* Trump signals no new military action against Iran
* EM stocks scale 19-month highs on demand for risky assets
* Chinese equities rise as data shows room for stimulus
* Turkish lira, Russian rouble firm to the dollar
* South Africa’s rand steady ahead of economic data
Jan 9 (Reuters) - Emerging market stocks rose to near 19-month highs on Thursday as Washington and Tehran defused a crisis after Iran’s attack on Iraqi bases housing U.S. soldiers caused no casualties, easing fears of a wider war in the Middle East.
MSCI’s basket of emerging market stocks jumped 1.4% and was on course for its best day in nearly a month, also boosted by a confirmation from Beijing that Vice Premier Liu He would sign a Phase 1 trade deal in Washington next week.
Chinese stocks ended the day about 1% higher, as data showed factory-gate prices fell at a slower pace in December, giving Beijing room for further monetary stimulus.
The MSCI stock index had hit a two-and-a-half week low on Wednesday, when investors fled riskier assets for the safety of gold after Iran retaliated for the killing of commander Qassem Soleimani in a U.S. drone attack last week.
But U.S. President Donald Trump on Wednesday responded with new economic sanctions rather than further military action, while Iranian officials said the missile attack concluded their response to the killing.
“The nightmare scenario of a full-blown war looks to be over and investors can finally breathe a sigh of relief,” said Lukman Otunuga, senior research analyst at FXTM.
“Yet even if a conflict has been averted, the road ahead remains bumpy and investors should remain on standby for further possible retaliatory measures.”
Sending mild jitters through financial markets earlier in the session, two rockets fell on Baghdad’s Green Zone, which houses foreign missions and government buildings.
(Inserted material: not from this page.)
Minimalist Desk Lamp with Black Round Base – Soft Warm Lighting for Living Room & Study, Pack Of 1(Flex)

There were no casualties, and no immediate claim of responsibility.
The broad-based optimism also powered a basket of developing world currencies to its highest level since June 2018.
Turkey’s lira firmed nearly half a percent to the dollar, while the Russian rouble rose for the second straight day, hovering near two-year highs.
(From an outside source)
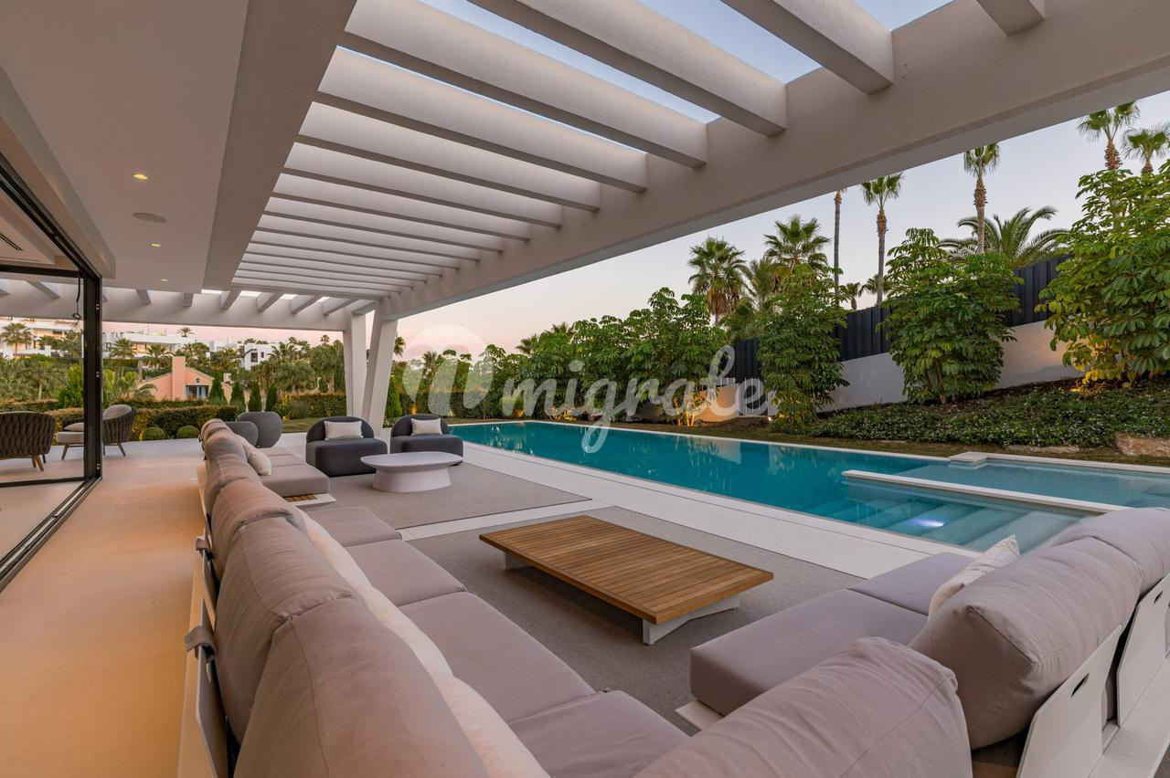 Эта выдающаяся вилла расположена в одном из сообществ Новой Андалусии, примерно в 700 м от клубного дома Лос-Наранхос и в 5 км от Пуэрто-Бануса с широким спектром услуг различного рода, таких как бары, банки, фитнес-центры, парикмахерские, аптеки и другие. Также Пуэрто Банус – это место для роскошных яхт и автомобилей, модных бутиков и изысканных ресторанов.

Market activity in Russia was expected to increase after the long New Year and Orthodox Christmas holidays from Jan. 1-8.
In South Africa, the rand gained ahead of December business confidence data and November manufacturing figures due later in the day.
The country has been grappling with prolonged power cuts that have dimmed growth outlook after pushing Africa’s most industrialised economy to a technical recession in the first half of last year.
Elsewhere in emerging European economies, the Hungarian forint, the Polish zloty and the Czech crown eased slightly to a firmer euro.